The positive relationship observed between education and church attendance does not extend to other aspects of religious experience. People with more education distinguish between formal participation in religious organizations and acceptance of religious worldviews in other aspects of their lives (Schieman, 2011). Glaeser and Sacerdote (2008) conclude that education increases social skills that enhance the utility of social activities such as going to church, but also emphasizes secular beliefs at odds with a religious worldview. The positive relationship between education and church attendance on the one hand, and the negative relationship between education and other aspects of religion such as belief and use of religious views in everyday decision making on the other, suggests compartmentalization. But the relationship between education and religious characteristics varies by religious tradition (McFarland, Wright, and Weakliem, 2011). For example, the positive relationship between religiosity and education is present among evangelical Protestants, Black Protestants, and Catholics, but not among mainline Protestants.

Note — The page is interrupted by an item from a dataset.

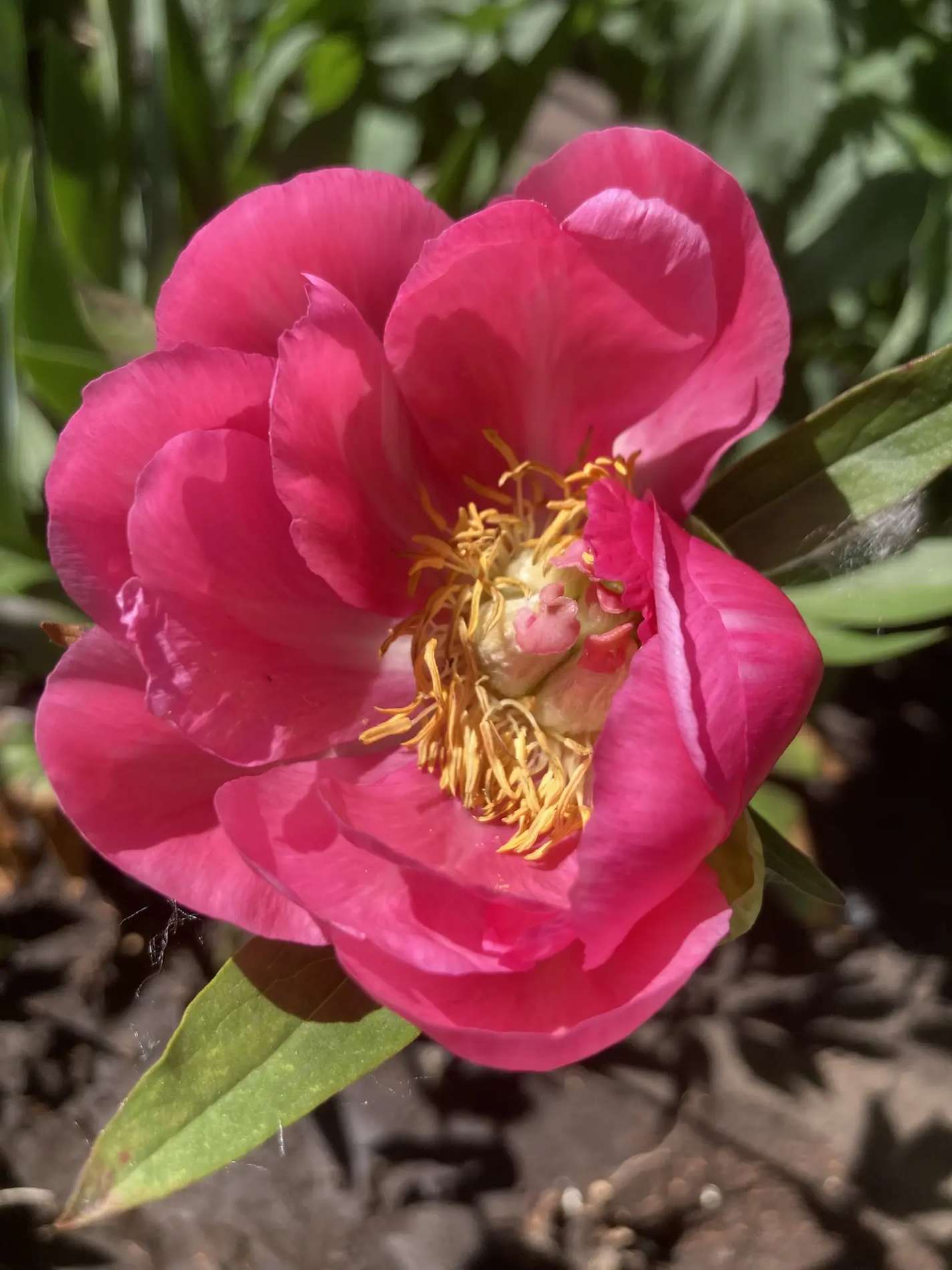 - Убрать укрытие и мусор: тщательно уберите прошлогоднюю листву, мульчу и ветки, которыми вы укрывали пионы на зиму. В этом мусоре зимуют споры грибков и личинки вредителей.

Another relevant line of research demonstrates that religious affiliation is associated with a wide variety of social characteristics including marriage, childbearing, women’s labor force participation, and earnings. Lehrer (2004) argues that religion alters the perceived costs and benefits of engaging in different types of social activities. Moreover, religiosity accentuates the effects of religious affiliation. Theological emphasis on family and socioeconomic achievement alter the importance people place on choices they make. Scholars have paid less attention to the relationship between education and these social behaviors within religious communities. If the relationship between education and religiosity is shifting, then the relationship between education and related social characteristics may also change.
This paper examines education, church attendance, and several other social characteristics, comparing Mormons (members of the Church of Jesus Christ of Latter-day Saints) with the U.S. population. Mormons are of interest because the relationship between education and church attendance is particularly strong among Mormons (Heaton and Albrecht, 1984). In addition, ample evidence indicates that Mormons differ from the national average in several social characteristics that are associated with religion (Heaton, Bahr, and Jacobson, 2004). The compartmentalization hypothesis implies that education might be positively associated with church attendance, but not with strength of religious identity or with other characteristics related to religion such as attitudes toward abortion or homosexuality. However, if the relationship between education and church attendance is stronger for Mormons, education may also have a different influence on these social characteristics among Mormons.
First, I compare educational attainment for Mormons and the nation. I then reexamine the relationship between education and church attendance. Third, in light of the compartmentalization hypothesis, I compare the relationship between education and formal participation with the relationship between education and strength of religious affiliation. Finally, I explore the relationship between education and several other social behaviors and attitudes. Where possible, the paper will also assess whether relationships are changing over the last four decades. The religious landscape has changed dramatically as mainline Protestant membership declines and the number with no formal religious affiliation grows.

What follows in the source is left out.